The bond length is the distance between the nuclei of interacting atoms in a molecule. It depends on the size of the electron shells and the degree of their overlap.
Bond polarity is the distribution of electrical charge between atoms in a molecule.
If the electronegativity of the atoms involved in the formation of the bond is the same, then the bond will be non-polar, and in the case of different electronegativity - polar. The extreme case of a polar bond, when the shared electron pair is almost completely biased towards the more electronegative element, results in an ionic bond.
For example: H–H is non-polar, H–Cl is polar and Na + –Cl - is ionic.
It is necessary to distinguish between the polarities of individual bonds and the polarity of the molecule as a whole.
Molecule polarity is the vector sum of the dipole moments of all the bonds of the molecule.
For example:
1) The linear CO 2 molecule (O=C=O) is non-polar - the dipole moments of the polar C=O bonds compensate each other.
2) The water molecule is polar– dipole moments of two О-Н bonds do not compensate each other.
Spatial structure of molecules determined by the shape and location in space of electron clouds.
Bond order is the number of chemical bonds between two atoms.
For example, the bond order in H 2 , O 2 and N 2 molecules is 1, 2 and 3, respectively, since the bond in these cases is formed due to the overlap of one, two and three pairs of electron clouds.
4.1. covalent bond is a bond between two atoms through a common electron pair.
The number of chemical bonds is determined by the valencies of the elements.
The valency of an element is the number of orbitals that take part in the formation of bonds.
Covalent non-polar bond - this bond is carried out due to the formation of electron pairs between atoms with equal electronegativity. For example, H 2, O 2, N 2, Cl 2, etc.
A covalent polar bond is a bond between atoms with different electronegativity.
For example, HCl, H 2 S, PH 3, etc.
A covalent bond has the following properties:
1) Saturation- the ability of an atom to form as many bonds as it has valences.
2) Orientation– the electron clouds overlap in the direction that provides the maximum overlap density.
4.2. An ionic bond is a bond between oppositely charged ions.
This is an extreme case of a covalent polar bond and occurs when there is a large difference in the electronegativity of the interacting atoms.
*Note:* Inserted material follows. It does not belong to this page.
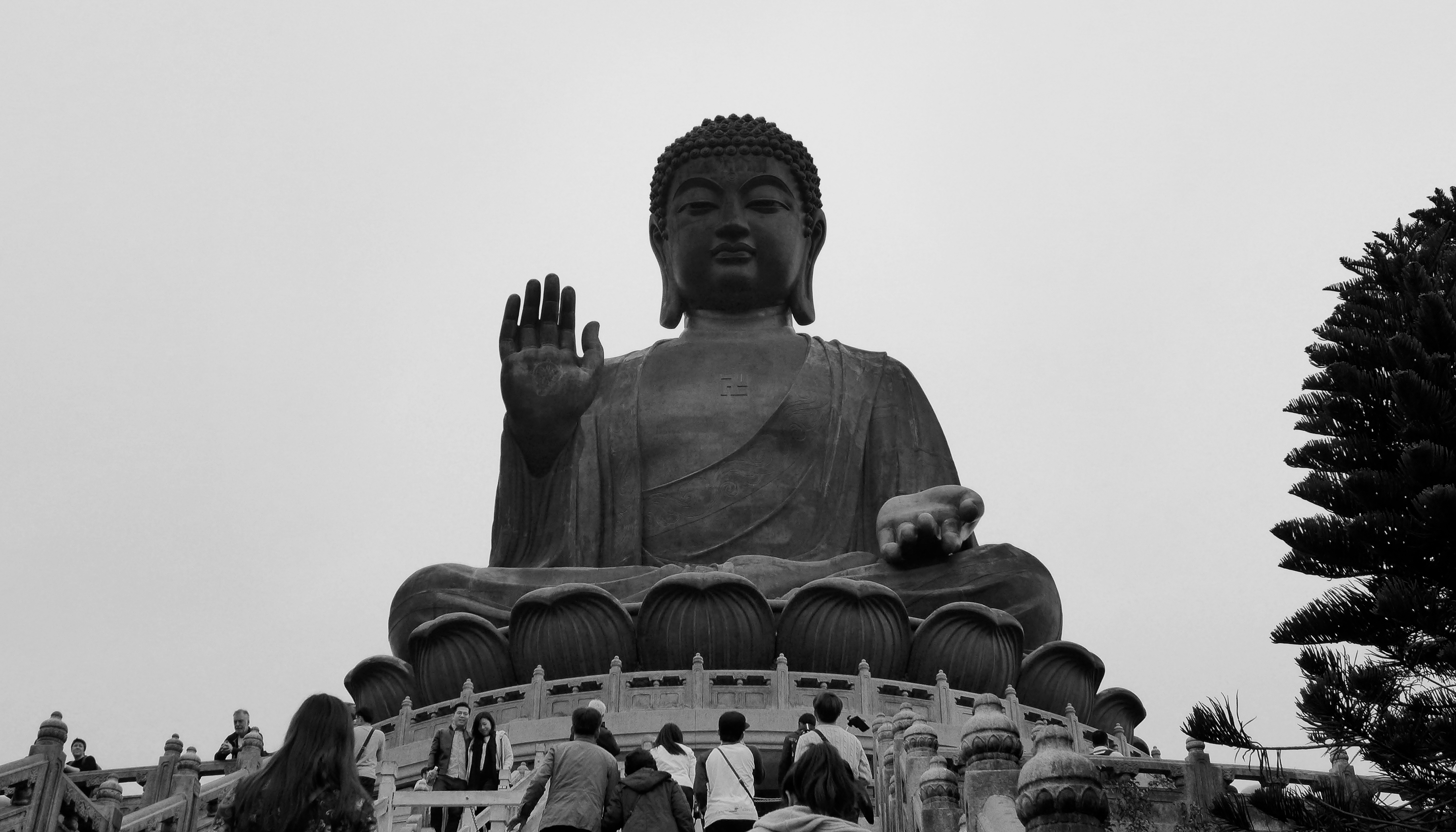 Tian Tan Buddha, 天坛大佛, is a little out of the way, on the island of Lantau, towards the South of Hong Kong. There is a cable car from Ngong Ping station but we chose to get the bus as it was pretty foggy and the bus was much cheaper. The bus ride was pretty enjoyable as we got to see a lot of the island. The bus struggled going up the hill and when we went downhill it felt like the driver was taking out his frustration at its crawling pace up the mountain by racing down the twisting mountain roads. This was a little scary but it certainly added to the experience.

The ionic bond does not have directionality and saturation.
The oxidation state is the conditional charge of an atom in a compound, based on the assumption that the bonds are completely ionized.
Lecture for teachers
A chemical bond (hereinafter referred to as a bond) can be defined as the interaction of two or more atoms, as a result of which a chemically stable polyatomic microsystem (molecule, crystal, complex, etc.) is formed.
The doctrine of bonding occupies a central place in modern chemistry, since chemistry as such begins where an isolated atom ends and a molecule begins. In essence, all the properties of substances are due to the peculiarities of the bonds in them. The main difference between a chemical bond and other types of interaction between atoms is that its formation is determined by a change in the state of electrons in a molecule compared to the initial atoms.
Communication theory should provide answers to a number of questions. Why are molecules formed? Why do some atoms interact and others don't? Why do atoms combine in certain ratios? Why are atoms arranged in space in a certain way? And finally, it is necessary to calculate the bond energy, its length and other quantitative characteristics. The correspondence of theoretical ideas to experimental data should be considered as a criterion for the truth of a theory.
There are two main methods of describing the relationship that allow you to answer the questions posed. These are the methods of valence bonds (BC) and molecular orbitals (MO). The first one is more clear and simple. The second is more strict and universal. For reasons of greater clarity, the focus here will be on the VS method.
Quantum mechanics makes it possible to describe communication based on the most general laws. Although there are five types of bonds (covalent, ionic, metallic, hydrogen and intermolecular bonds), the bond is one in nature, and the differences between its types are relative. The essence of communication is in the Coulomb interaction, in the unity of opposites - attraction and repulsion. The division of communication into types and the difference in the methods of its description indicates rather than the diversity of communication, but the lack of knowledge about it at the present stage of development of science.
This lecture will cover material related to topics such as chemical bond energy, quantum mechanical model of a covalent bond, exchange and donor-acceptor mechanisms for the formation of a covalent bond, excitation of atoms, bond multiplicity, hybridization of atomic orbitals, electronegativity of elements and polarity of a covalent bond , the concept of the method of molecular orbitals, chemical bonding in crystals.
Chemical bond energy
According to the principle of least energy, the internal energy of a molecule, compared with the sum of the internal energies of its constituent atoms, must decrease. The internal energy of a molecule includes the sum of the interaction energies of each electron with each nucleus, each electron with each other electron, each nucleus with each other nucleus. Attraction must prevail over repulsion.
The most important characteristic of a bond is the energy that determines its strength. The measure of bond strength can be both the amount of energy expended on breaking it (bond dissociation energy) and the value that, when summed over all bonds, gives the energy of formation of a molecule from elementary atoms. The bond breaking energy is always positive. The bond formation energy is the same in magnitude, but has a negative sign.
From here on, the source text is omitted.